#### Exercise materials

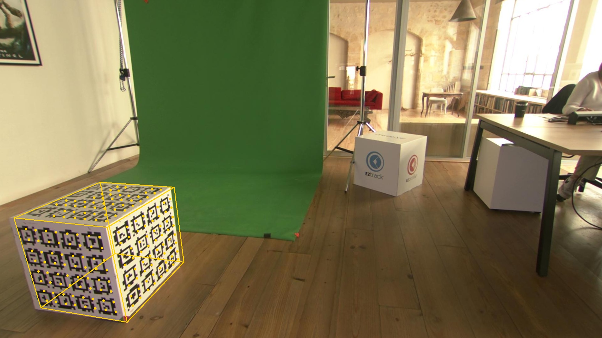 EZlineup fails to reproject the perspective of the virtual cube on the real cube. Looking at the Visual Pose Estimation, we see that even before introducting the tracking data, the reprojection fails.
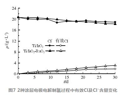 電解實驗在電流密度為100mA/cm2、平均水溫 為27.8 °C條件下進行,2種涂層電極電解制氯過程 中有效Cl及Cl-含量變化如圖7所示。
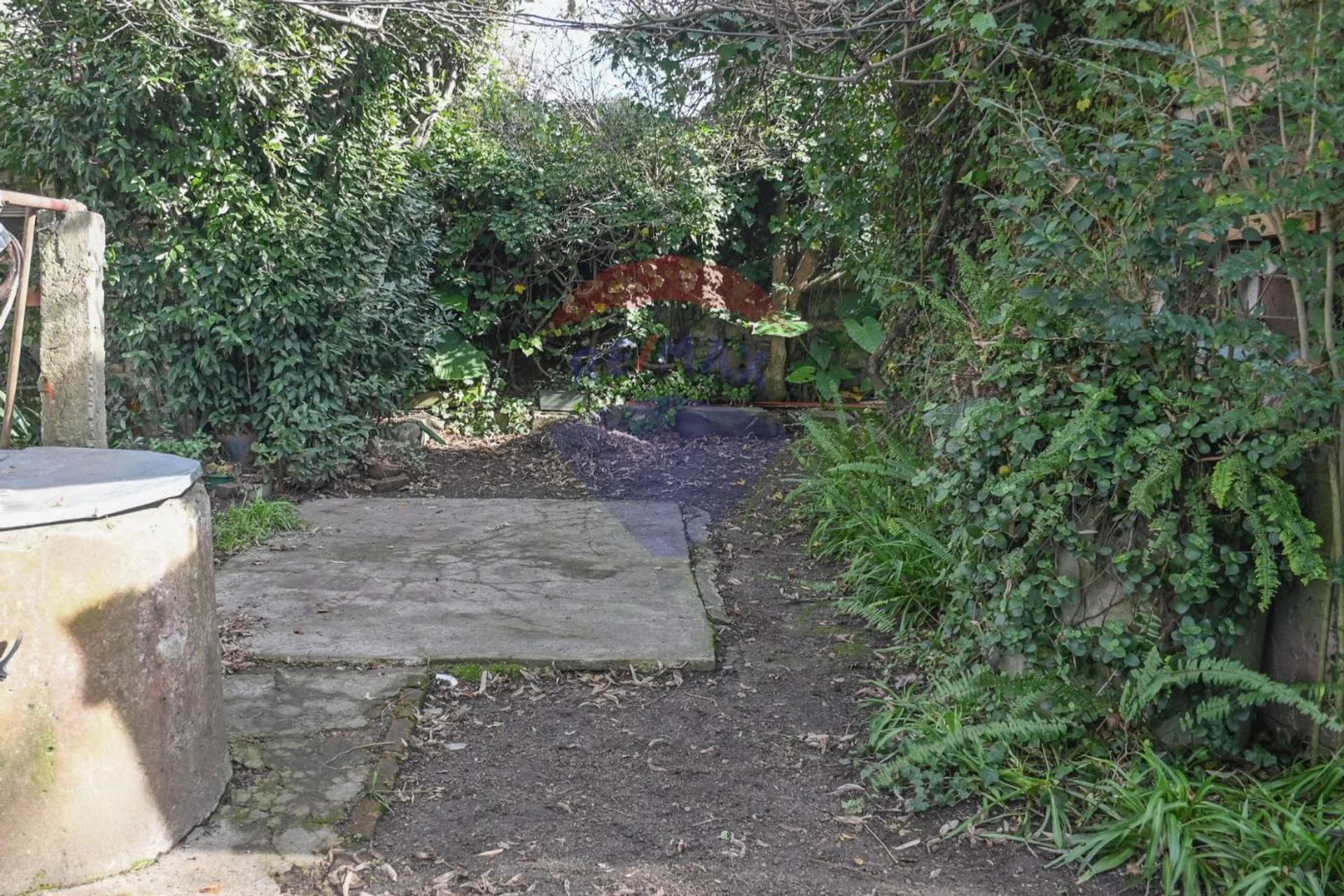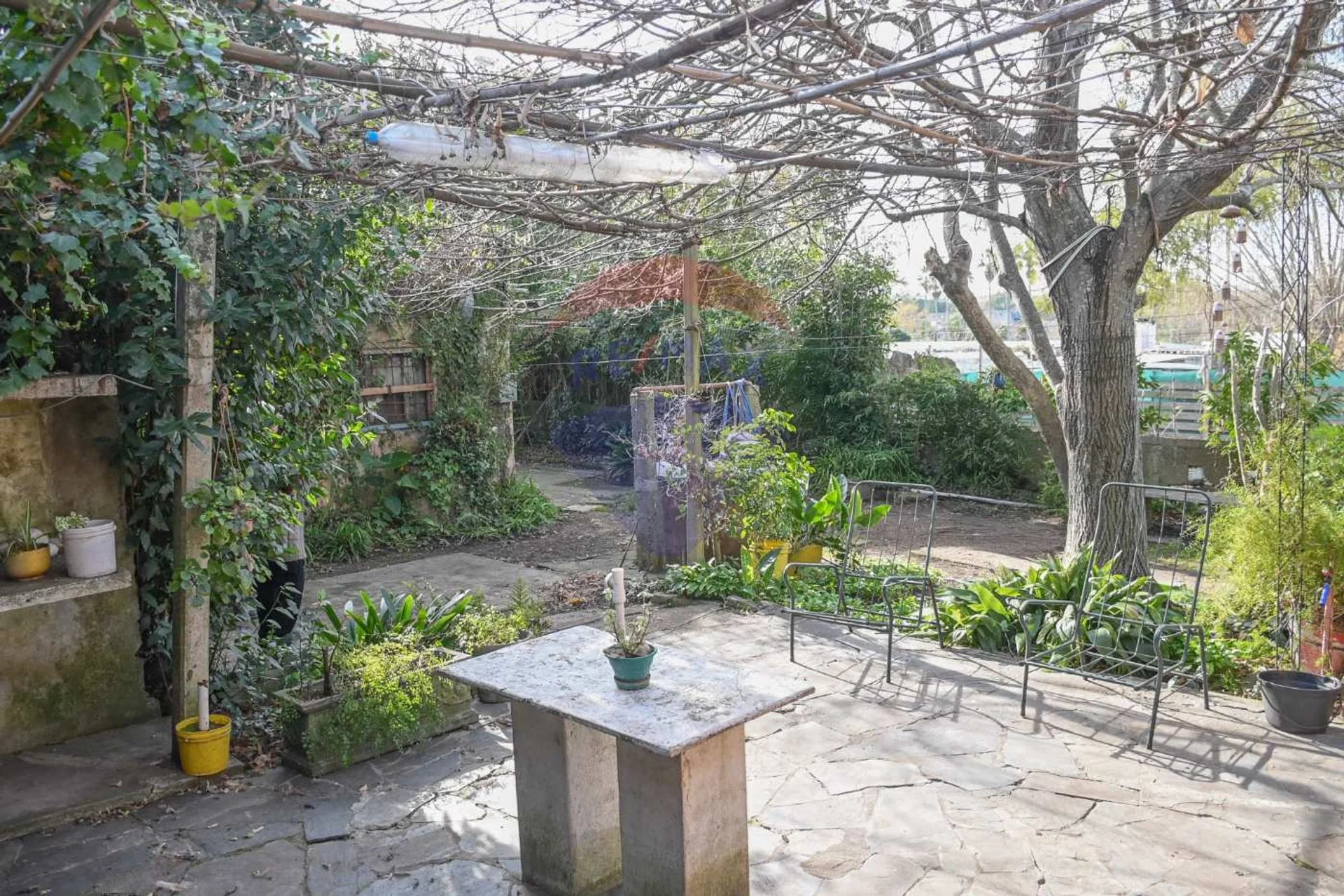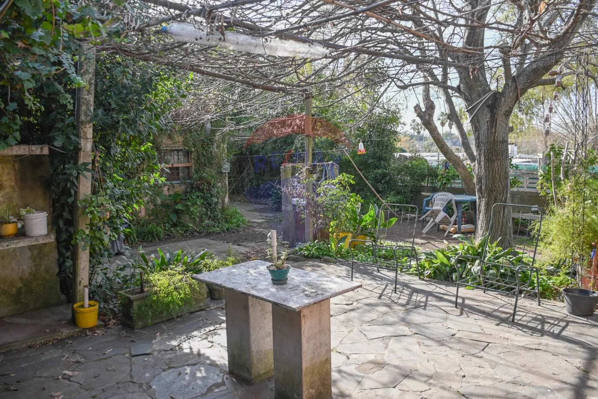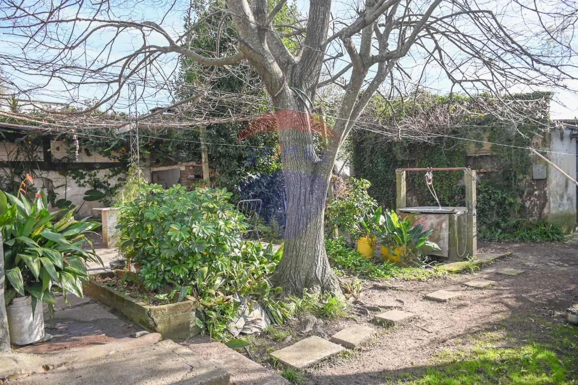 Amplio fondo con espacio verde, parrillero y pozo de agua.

...

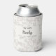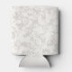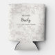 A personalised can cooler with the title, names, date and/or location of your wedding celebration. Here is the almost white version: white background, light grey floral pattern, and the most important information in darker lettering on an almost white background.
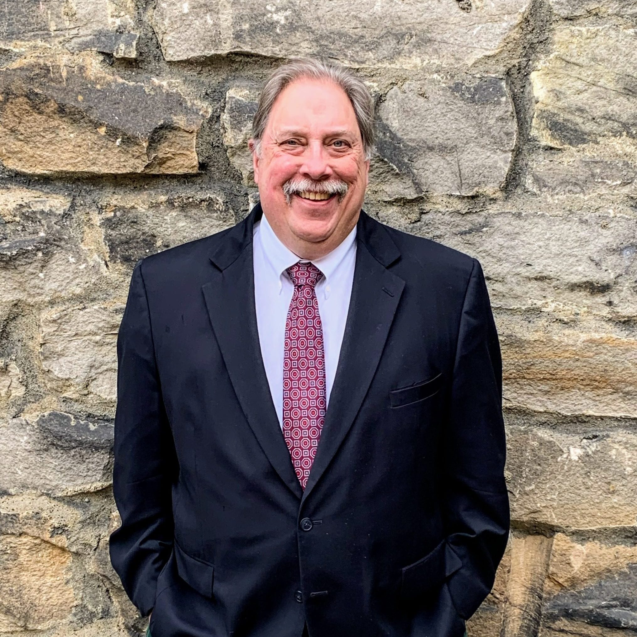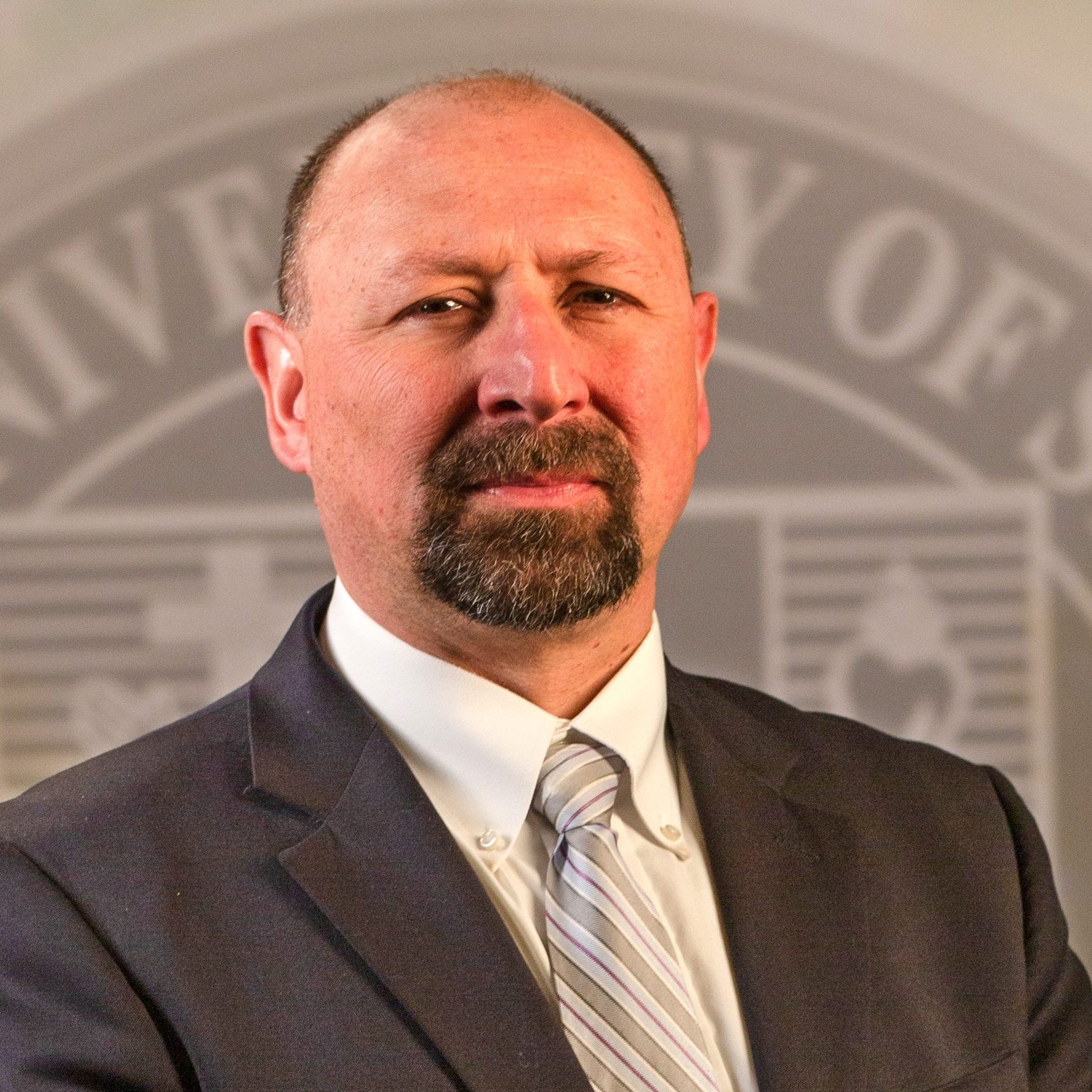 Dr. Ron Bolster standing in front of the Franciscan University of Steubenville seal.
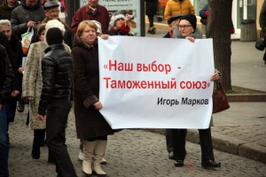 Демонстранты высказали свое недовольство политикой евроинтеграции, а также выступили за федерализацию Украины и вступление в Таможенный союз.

#### How to complete this task
What is needed is an exact copy of the lines above, from the one holding "EZlineup fails to" down to the one holding "Amplio fondo con", with those two included and the pictures left out.

#### Solution for this problem
 EZlineup fails to reproject the perspective of the virtual cube on the real cube. Looking at the Visual Pose Estimation, we see that even before introducting the tracking data, the reprojection fails.
 電解實驗在電流密度為100mA/cm2、平均水溫 為27.8 °C條件下進行,2種涂層電極電解制氯過程 中有效Cl及Cl-含量變化如圖7所示。
 Amplio fondo con espacio verde, parrillero y pozo de agua.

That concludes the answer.